Beazley promotes continuity management, a branch of knowledge management in which know-how is captured electronically so it can be transferred to a worker who replaces a departing employee. To make this system work, employees each day fill out templates tied to a database, creating a knowledge base that can be passed on.
Yet people might resist providing information that could lead to someone else doing their jobs. "There's a low level of trust and loyalty in the workplace for obvious reasons," says human-resources consultant Lynda Ford. "People approach this from the perspective of 'why are you asking me to do this?' If there's a perception of a low level of trust, they're not going to do it or do a lousy job doing it."
Says Creighton University economics professor Ernest Goss: "Knowledge gives people job security." Even with incentives to cooperate, he says, "workers will act in their own self-interest. They don't want to create an easy path to layoffs."

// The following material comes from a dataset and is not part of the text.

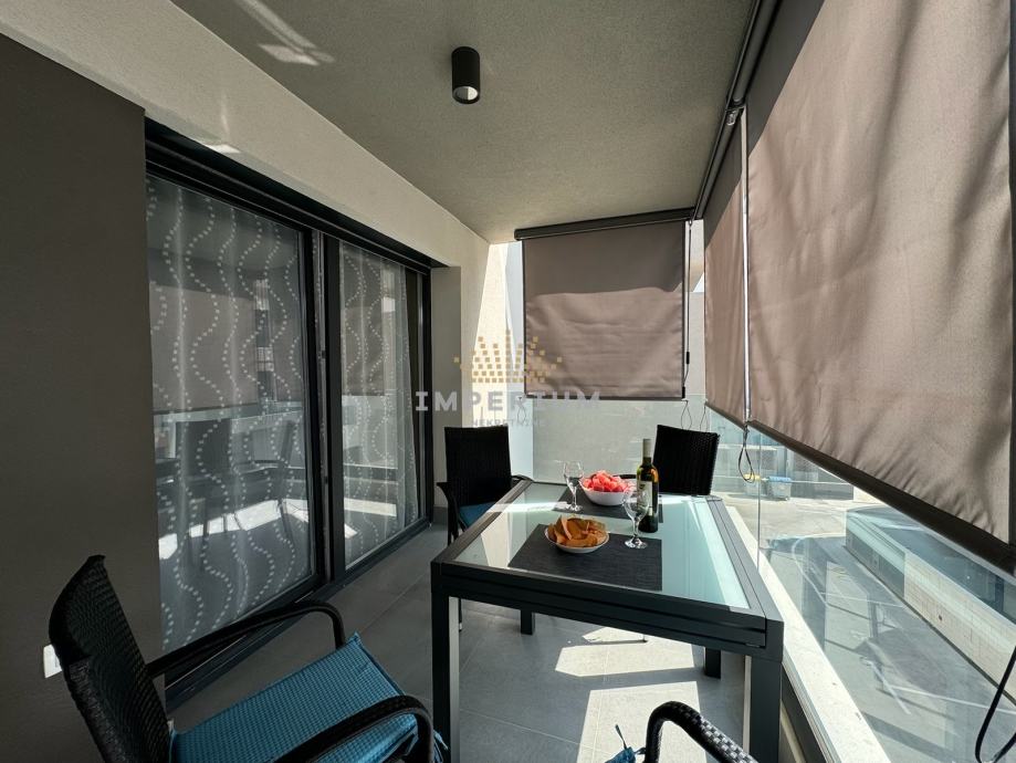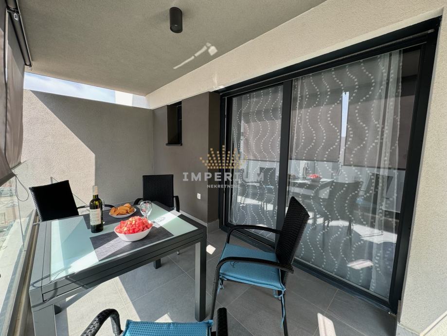 Stan se nalazi na 2. katu stambene zgrade, ima 56 m2, a sastoji se od tri spavaće sobe (svaka soba ima tv i klimu), ulaznog prostora, kuhinje s blagovaonom, dnevnog boravka, hodnika, kupaonice i balkona. Stanu pripada jedno parkirno mjesto ispred zgrade.
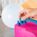 Cover the inflation port with balloons and press down the nozzle to inflate the balloons manually. Operate this pump automatically using the on-off switch to inflate several balloons continuously.

The economy was booming a few years back when Beazley began researching Continuity Management, as people zipped in and out of jobs. With each resignation, companies lost the departing employee's knowledge, a crucial asset. Today, fewer employees voluntarily leave jobs, but the need for continuity management persists because of layoffs. Companies need to transfer laid-off workers' knowledge to those who end up doing former colleagues' jobs--so-called ghost work--along with their own. While employees can't be replaced, portions of their knowledge can be, says Beazley, an ex-George Washington University organizational-behavior professor who heads the consulting firm Strategic Leadership Group.